| About this exercise |
Your answer must be an exact copy of the data, without any pictures.

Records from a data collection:
---

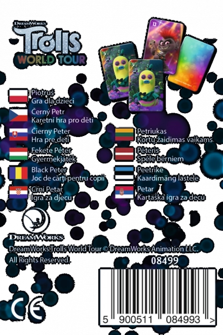 Jocul tradițional Negru Petr, în licența TROLLS, îi va încânta atât pe copii, cât și pe adulți. În pachet găsiți 25 de cărți într-o cutie practică din carton. Jocul este ușor de explicat, rapid de jucat și dezvoltă excelent spiritul de observație, concentrarea și abilitățile sociale.
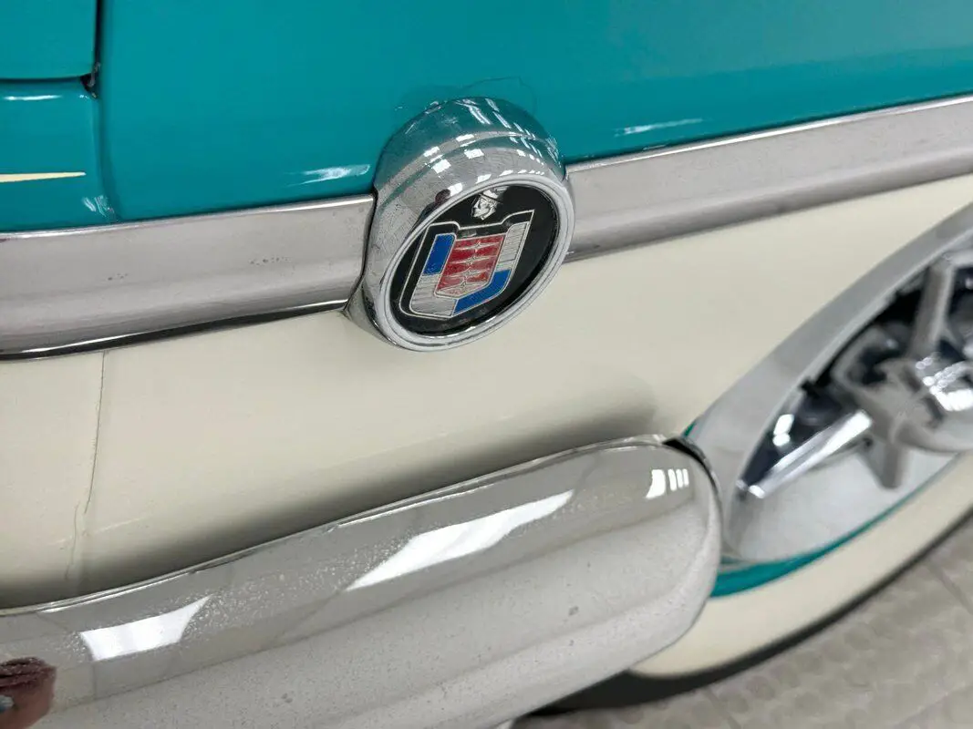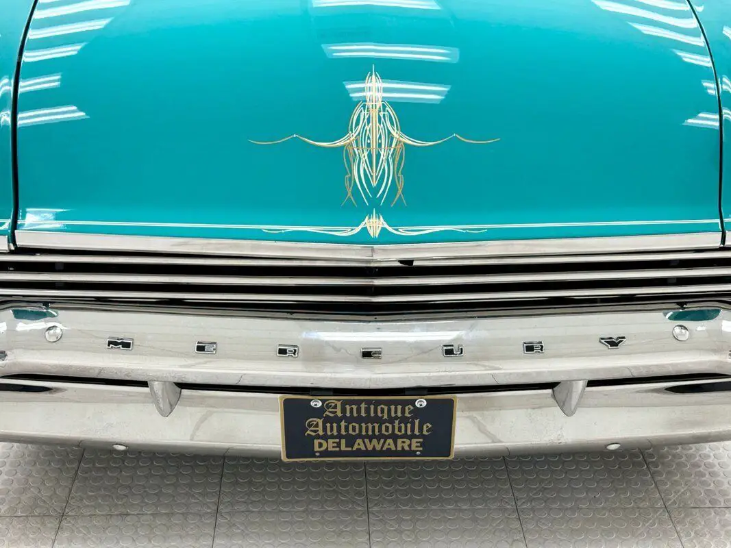Verona Green is sandwiched between panels of Classic White, separated on the body by an ornate and unique side molding is a combination of straight lines, louvered accents, sweeping curved lines, and an integrated gravel guard. There were plenty of bi-colored cars in the 50's but the separation was never as bold as the Monterey's. The roof wears the white and is framed in robust polished metal trim and window frames. Mercurys are known for their use of chrome up front, and this one is no exception with thick crossbars under thinner bars of the grille which travel from one side to the other. Circular ducts added to the hood actually function to bring air into the engine bay which is flanked by two spotlights affixed to the cowl. More chrome is found in the faux side pipes and the rear bumper and bumper bars just under chrome rimmed taillight that are artful ovals. The car has pinstriping and a painted spider on the front fender that had us pause for a second. The paint and metal are great on the car and no noticeable flaws were detected.
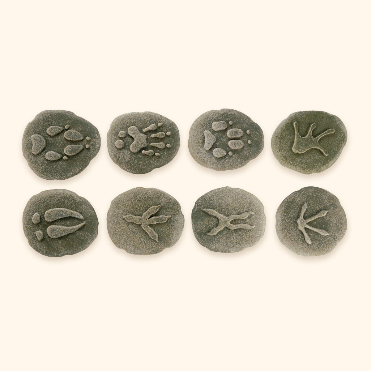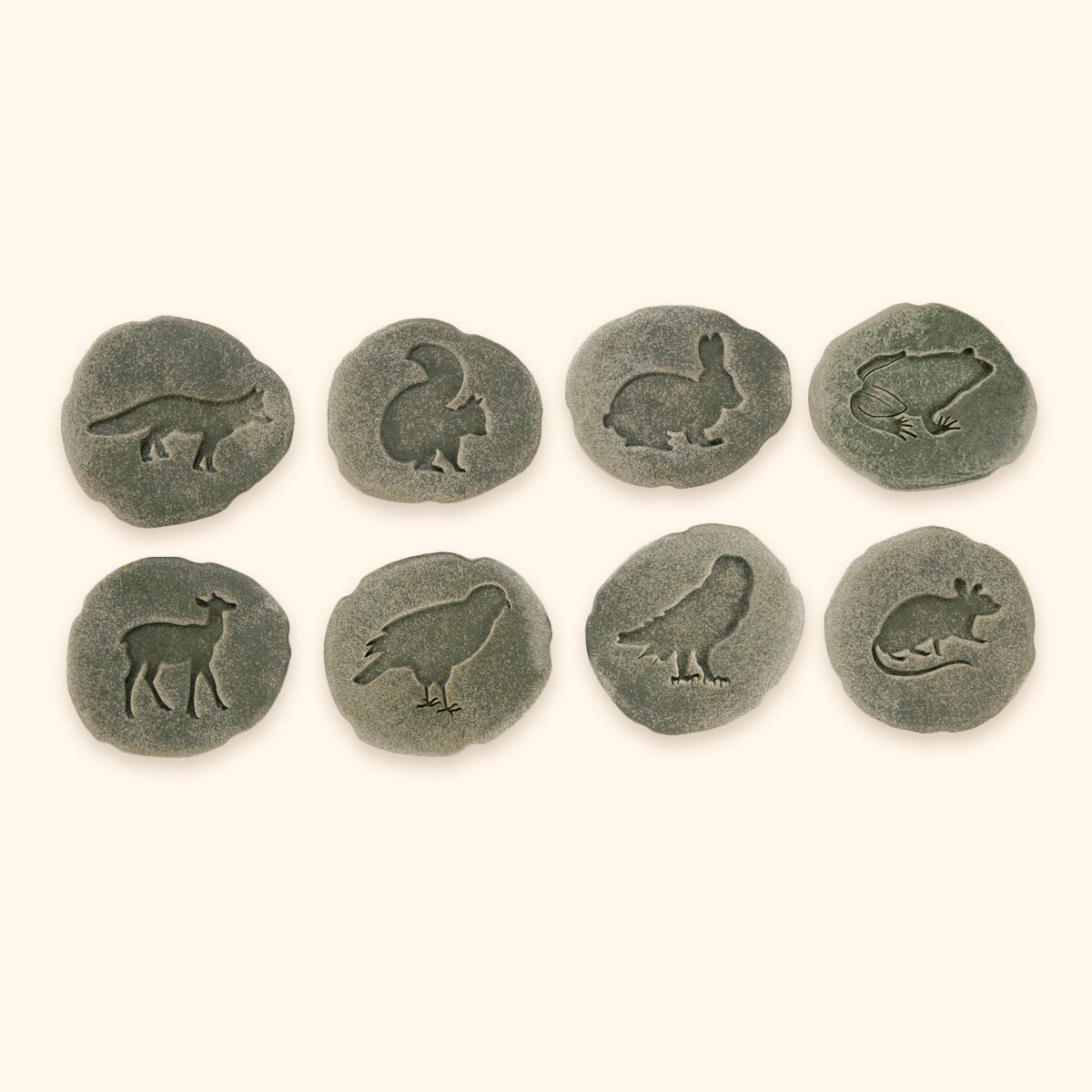 • jednotlivé kamene obsahujú na prednej strane odtlačok lesného zvieraťa a na zadnej jeho stopu (líška, veverička, králik, žaba, jeleň, syseľ, sova, myš).
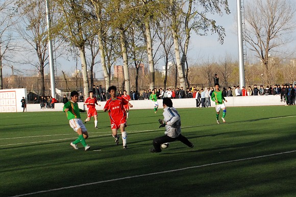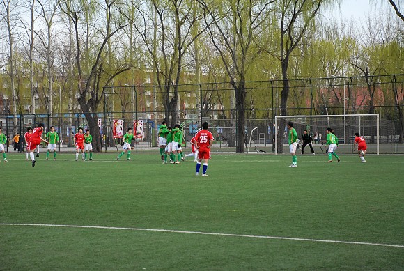 3月25日下午,2008年李寧中國大學生足球聯(lián)賽北京市賽區(qū)預賽在北京體育大學開幕,首先由北京理工大學(綠)VS中國人民大學(紅)。在去年的北京市大學生甲級聯(lián)賽的決賽中,由于北理工兩線作戰(zhàn),頭天剛剛打完對廣州醫(yī)藥的比賽,加上替補陣容發(fā)揮也不好,最終以1:5輸給了人大,屈居亞軍。
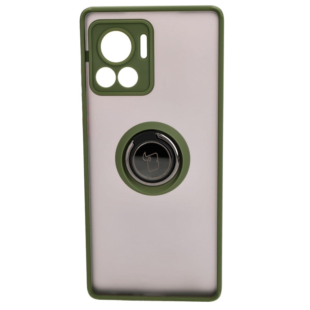 Etui z uchwytem na palec Bizon Case Hybrid Ring do Motorola Edge 30 Ultra, przydymione z zieloną ramką
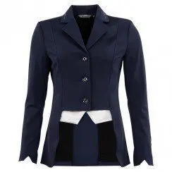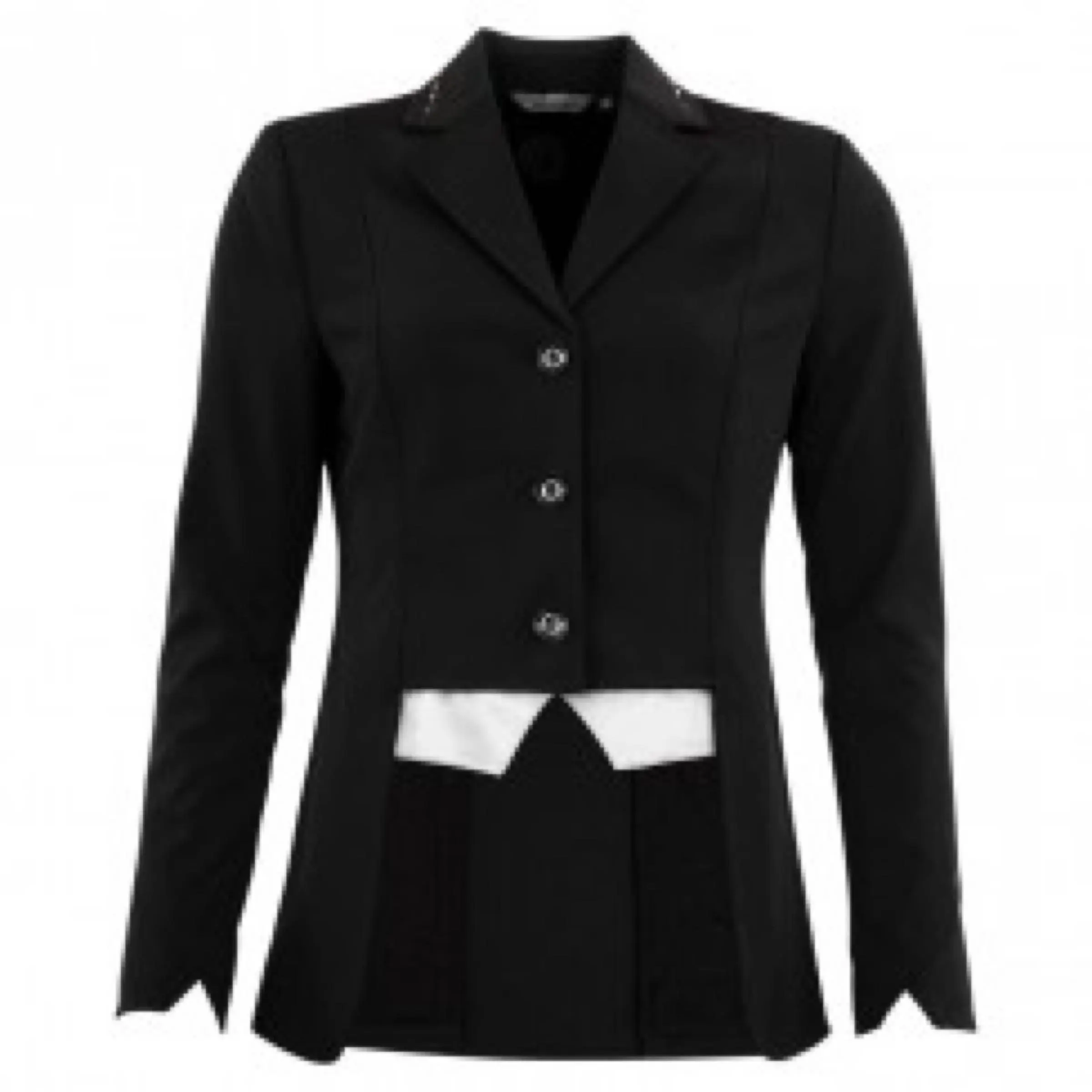 De Short Tailcoat Pro is kort aan de voorzijde en lang aan de achterzijde waar 2 splitten voor optimale bewegingsvrijheid zorgen. De getailleerde wedstrijdjas is rekbaar, waterafstotend en ademend door het gebruikte materiaal dat bestaat uit 85% nylon en 15% spandex gebonden met 100% polyester. De jas is voorzien van een zwarte 4-way stretch mesh-voering met zilveren glitters.

---

| Your response |
 Jocul tradițional Negru Petr, în licența TROLLS, îi va încânta atât pe copii, cât și pe adulți. În pachet găsiți 25 de cărți într-o cutie practică din carton. Jocul este ușor de explicat, rapid de jucat și dezvoltă excelent spiritul de observație, concentrarea și abilitățile sociale.
Verona Green is sandwiched between panels of Classic White, separated on the body by an ornate and unique side molding is a combination of straight lines, louvered accents, sweeping curved lines, and an integrated gravel guard. There were plenty of bi-colored cars in the 50's but the separation was never as bold as the Monterey's. The roof wears the white and is framed in robust polished metal trim and window frames. Mercurys are known for their use of chrome up front, and this one is no exception with thick crossbars under thinner bars of the grille which travel from one side to the other. Circular ducts added to the hood actually function to bring air into the engine bay which is flanked by two spotlights affixed to the cowl. More chrome is found in the faux side pipes and the rear bumper and bumper bars just under chrome rimmed taillight that are artful ovals. The car has pinstriping and a painted spider on the front fender that had us pause for a second. The paint and metal are great on the car and no noticeable flaws were detected.
 • jednotlivé kamene obsahujú na prednej strane odtlačok lesného zvieraťa a na zadnej jeho stopu (líška, veverička, králik, žaba, jeleň, syseľ, sova, myš).
 3月25日下午,2008年李寧中國大學生足球聯(lián)賽北京市賽區(qū)預賽在北京體育大學開幕,首先由北京理工大學(綠)VS中國人民大學(紅)。在去年的北京市大學生甲級聯(lián)賽的決賽中,由于北理工兩線作戰(zhàn),頭天剛剛打完對廣州醫(yī)藥的比賽,加上替補陣容發(fā)揮也不好,最終以1:5輸給了人大,屈居亞軍。
 Etui z uchwytem na palec Bizon Case Hybrid Ring do Motorola Edge 30 Ultra, przydymione z zieloną ramką
 De Short Tailcoat Pro is kort aan de voorzijde en lang aan de achterzijde waar 2 splitten voor optimale bewegingsvrijheid zorgen. De getailleerde wedstrijdjas is rekbaar, waterafstotend en ademend door het gebruikte materiaal dat bestaat uit 85% nylon en 15% spandex gebonden met 100% polyester. De jas is voorzien van een zwarte 4-way stretch mesh-voering met zilveren glitters.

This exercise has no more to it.